Но в этот раз мы отправились большой шумной толпой. У Семёна родилась в голове очередная фантастическая идея — он решил издавать моднейший, эксклюзивный и жутко дорогой журнал-глянец об СВО. Тиражом, разумеется, триста тридцать три. Да, у Семёна турбулентность творческой мысли постоянно давала о себе знать. В прошлый раз мы приезжали с музыкантами — саксофоном и балалайкой, чтобы совместить несовместимое, разрушение с искусством. Было необычно, интересно и странно. Шёл снег, Семён читал под музыкальную импровизацию свои стихи на фоне разрушенных зданий. Потом играла балалайка на фоне стреляющих в ночи «Градов», а в снежном лесу под железное уханье «Гиацинта» выдувал фигурные джазовые трели саксофон — я помню удивленное лицо солдата, выглядывающего из блиндажа, вырытого среди деревьев.
В этот раз для реализации поставленной цели — глянцевого журнала об СВО был вызван из Питера модный фотограф Провоторов и русский писатель Айрапетян. Плюс ещё я, получилось фотограф и два писателя в нашей команде. Писатели должны были писать о солдатах, фотограф — снимать солдат. Причём Провоторов работал по технике амбротипов, он снимал на старый фотоаппарат-гармошку, а фиксировали момент (в нашем случае — портрет) военного времени пластины с налётом серебра. Получалось очень брутально и стильно.

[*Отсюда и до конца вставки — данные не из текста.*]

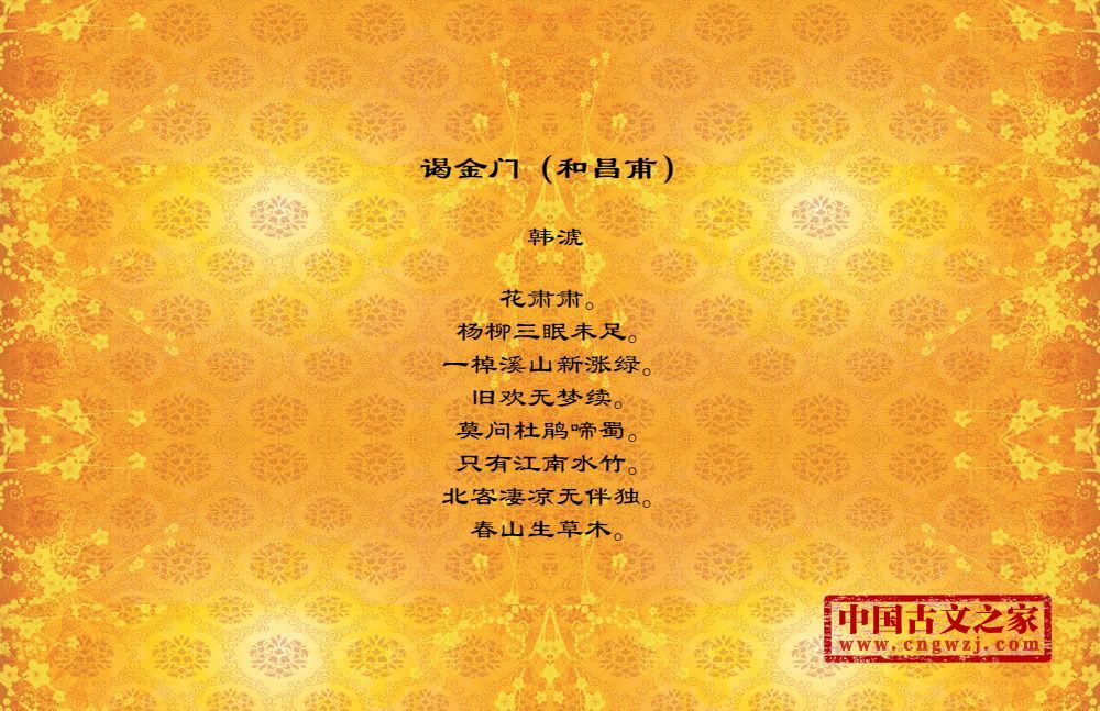 花肃肃。杨柳三眠未足。一棹溪山新涨绿。旧欢无梦续。莫问杜鹃啼蜀。只有江南水竹。北客凄凉无伴独。春山生草木。

Сначала мы приехали к барсам на одно расположение, потом нам выделили буханку, и мы отправились на другое. Буханка УАЗ — это чудо-машина, идеально подходящая для зоны военных действий. Этот автомобиль, изобретённый ещё в годы расцвета СССР, преодолевал любые препятствия. Там, где в хлябях войны застрянет навороченный джип, буханка проедет любую грязь, да ещё и в гору, полностью гружённая бойцами, вооружёнными под завязку. Буханка — это хорошая русская вещь.
Мы разговорились о чудо-автомобиле с водителем. Позывной у него был «Француз». Небольшого роста, бодрый парень в панаме наёмника. Лица его не помню уже, надо запросить амбротип у Провоторова для так и не вышедшего журнала. Но запомнилось, что разговаривал он и шутил с жеманной хрипотцой, как у Патрисии Каас, раз уж тут задели французов.
Марк Аврелий учил глядеть в лицо смерти и улыбаться, так, мол, поступают храбрые. Не знаю, как бы повёл себя в зоне СВО великий римский император, но иногда улыбка не слезала с моего лица, хотя назвать себя таким уж смелым не могу. Значительно позже после Аврелия австрийский доктор Фрейд приравнял смех к истерии — так что на войне скорее к психиатру, чем к стоику. Хотя… здесь присутствует и то, и то. Война — это когда весело и страшно, и ты идёшь вперёд.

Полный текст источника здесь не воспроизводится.